Python. Regular expression not returning output

Question

I am trying to findall instances of the string "PB" and the digits that follow it, but when I call.

number_all = re.findall(r'\bPB\b([0-9])\d+', ' '.join(number_list))

the ([0-9])\d+ doesn't return an output. I check my output file, sequence.txt but there is nothing inside it. If i just do \bPB\b it outputs "PB" but no numbers.

My input file, raw-sequence.txt looks like this:

WB (19, 21, 24, 46, 60)
WB (12, 11, 9, 23, 49)
PB (18, 21, 10, 5, 5)
WB (2, 14, 2, 29, 67)
WB (1, 8, 1, 16, 52)
PB (2, 11, 8, 3, 4)

How can I output the following lines to sequence.txt?

PB (18, 21, 10, 5, 5)
PB (2, 11, 8, 3, 4)

Here is my current code:

sequence_raw_buffer = open('c:\\sequence.txt', 'a')
with open('c:\\raw-sequence.txt') as f:
  number_list = f.read().splitlines()
  number_all = re.findall(r'\bPB\b([0-9])\d+', ' '.join(number_list))
  unique = list(set(number_all))
  for i in unique:
    sequence_raw_buffer.write(i + '\n')
  print "done"
  f.close()
  sequence_raw_buffer.close()

Answer 1

Given the code you show, regex are an unnecessary over-complication to your problem.

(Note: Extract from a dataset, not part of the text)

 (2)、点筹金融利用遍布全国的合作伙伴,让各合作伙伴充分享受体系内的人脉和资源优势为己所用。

You can just iterate over the lines from the input file and dump the ones for which line.startswith("PB") returns True.

with open(r'c:\raw-sequence.txt', 'r') as f, open(r'c:\sequence.txt', 'a') as sequence_raw_buffer:
    for line in f:
        if line.startswith("PB"):
            print(line, file=sequence_raw_buffer)

This illustrates the fact that files can be iterated over line-by-line. I use print to dump the line because it will append the correct line terminator that the for loop strips off.

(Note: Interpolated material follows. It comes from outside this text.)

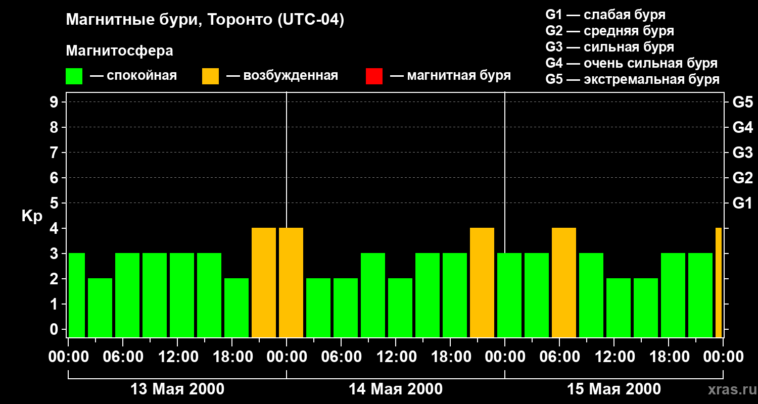Изменения геомагнитного индекса Kp с 13 по 15 мая 2000 года для средних широт

This example also shows you how to put multiple context managers into a single with block. You should have all your file in a with block, whether input or output, because I/O errors are a possibility in both directions.

Now, if you are trying to use regex for practice or because the match is really more complicated than what you present here, you can try

PB\s*\((?:\d+,\s*)*\d+\)

This matches as follows:

• Literal PB
• Optional unlimited number of spaces \s*
• Literal open parens \(
• Optional non-capturing group (?:)*, repeated as many times as necessary, containing
  • At least one digit \d+
  • Literal comma ,
  • Any number of spaces \s*
• At least one actual number \d
• Literal close parens \)

I would not bother concatenating the whole file together and using findall on that though, unless your expression can span multiple lines. I would prefer to still use the approach shown above, because in all but a few cases that I can think of, textual data will generally be delimited by newlines:

pattern = re.compile('PB\s*\((?:\d+,\s*)*\d+\)')
...
            if pattern.match(line):
...

Pre-compiling the pattern once makes the program run faster, but you could call re.match(..., line) every time as well.

Answer 2

There are few things that you are missing

1. You are missing a space between word boundary(\b) and bracket (
2. Parenthesis () have different meanings in regex context. Parenthesis denotes capturing group. To match parenthesis literally you need to escape it.

Now to match the exact pattern you intend, you can use this

\bPB\s+\((?:\s*\d+\s*,\s*)*\d+\)

If you want to only match lines with PB you can directly search for PB

Answer 3

You can try this regex: PB\s?\(([0-9]*,?\s?)*\)